Натина дорога в их с Шурой общий, на две семьи, дом начиналась в лесном хуторе, в Башкирии, откуда опекуны отправили ее, сироту, к родственникам в Мелеуз, наниматься в домработницы. Ей купили настоящие ботиночки на шнуровке, очень дорогие, за тринадцать рублей семьдесят пять копеек. Мачеха отдала ей свою плюшевую телогрейку. Почти новую. Это было царевнино приданое для девушки, все лето ходившей босиком, а зиму — в валенках. Наша тетя Ната была наивным, чистым и аккуратным в работе и общении человеком. Хозяева относились к ней хорошо и по воскресеньям отпускали гулять в парк. Там такие же, как и Ната, бывшие хуторянки с румяными тугими щеками, тесно взявшись под руки, накинув на плечи легкие косынки, гуляли по аллеям, разглядывали нарядных людей и покупали мороженое у веселого татарина, с живым интересом наблюдая, как он священнодействовал. Тетя Ната подробно рассказывала, как он специальным нехитрым приспособлением обкладывал толстенький кружок мороженого тонкими кружками хрустящих вафель.
— Дак разве ж сейчас морожено? — с досадой говорила мне тетя Ната. — Дак разве ж сейчас вафли?
Когда она жила на хуторе, лакомством были кусочки жмыха. А потом она попробовала мороженого. Конечно, сейчас мороженое не то.
Однажды весь наш университет послали в колхоз работать на целый месяц. И там был жмых. Целый грузовик жмыха. А ведь не только Ната, но и моя мама тоже, вспоминая детство, говорила: жмых-жмых. Ну я и решила попробовать. Ужас какой-то. Этот жмых никакое не лакомство. Мусор, и все. Ну вот. А Ната в детстве ела этот жмых как лакомство. Десерт. Да какой десерт — ела вместо еды.
Это потом, уже в городе, она могла купить себе мороженого, газировку с сиропом. Хвасталась она мне, что однажды набралась смелости, выспросила все подробно у хозяйки, и — ну не с первой зарплаты, а где-то через полгодика, когда чуть пообвыклась, — пошла в магазин и, робея, приобрела себе пару шелковых чулок и белую «баретку». Боже!
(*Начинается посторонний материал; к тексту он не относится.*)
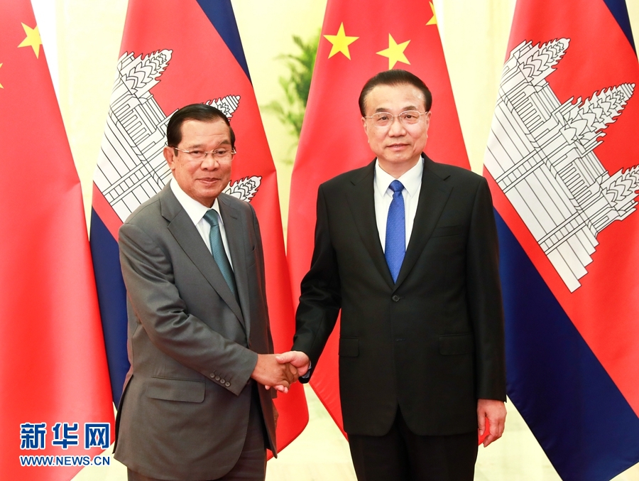 2月5日,國務(wù)院總理李克強(qiáng)在北京人民大會堂會見柬埔寨首相洪森。 新華社記者 龐興雷 攝
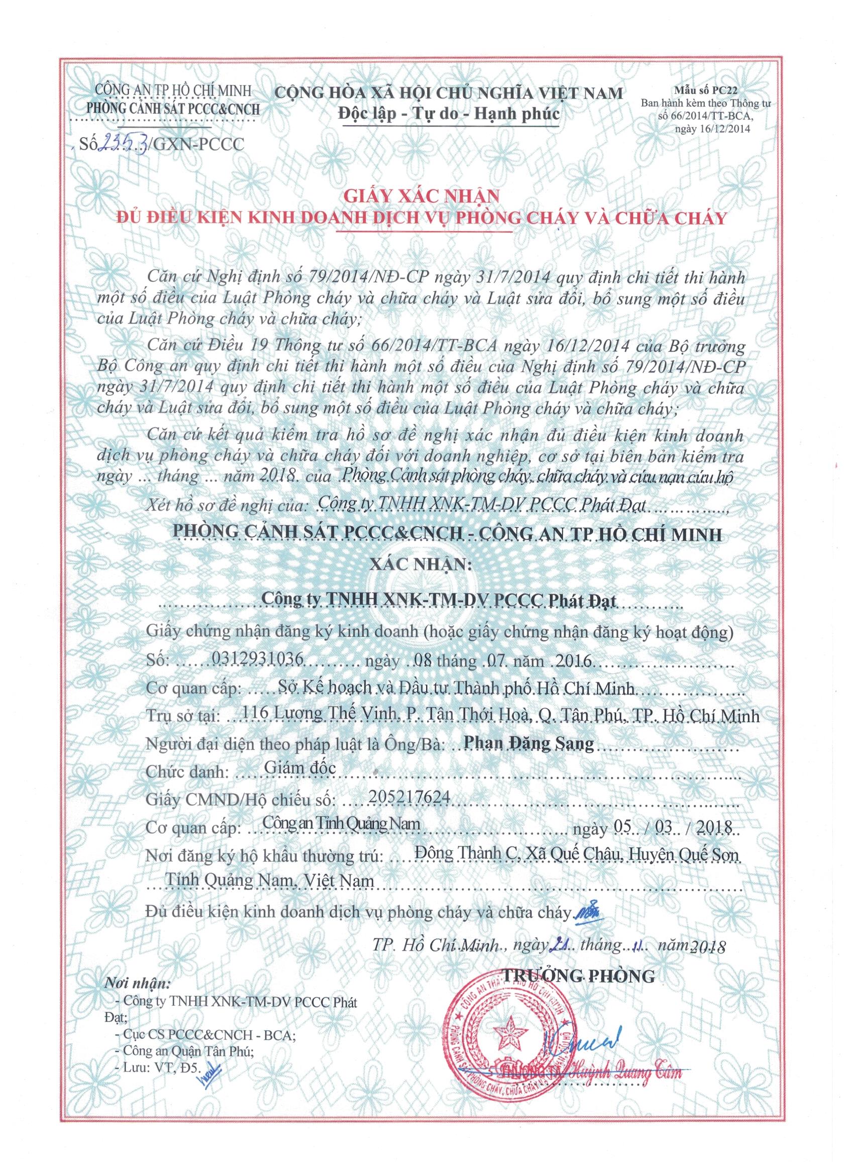 PCCC Phát Đạt có đầy đủ giấy chứng nhận đủ điều kiện kinh doanh PCCC :

Красота была какая!
А хозяева ей (Ната смешно называла их «хозява»)… Так ее «хозява» уже давно говорили ей:
— Настасья (на самом-то деле Ната была Анастасией), Настасья, чего ты сидишь дома, раз у тебя выходной? Иди-ка погуляй немного в парке. Иди-иди. Только смотри там!
А в парке по выходным дням гуляли военные! Ната всех боялась и даже глаз не подымала. Так и ходила с подружкой, такой же дикой хуторянкой, глядели обе себе под ноги да иногда кидали восхищенные и завистливые взгляды на городских девушек, смешливых, разодетых.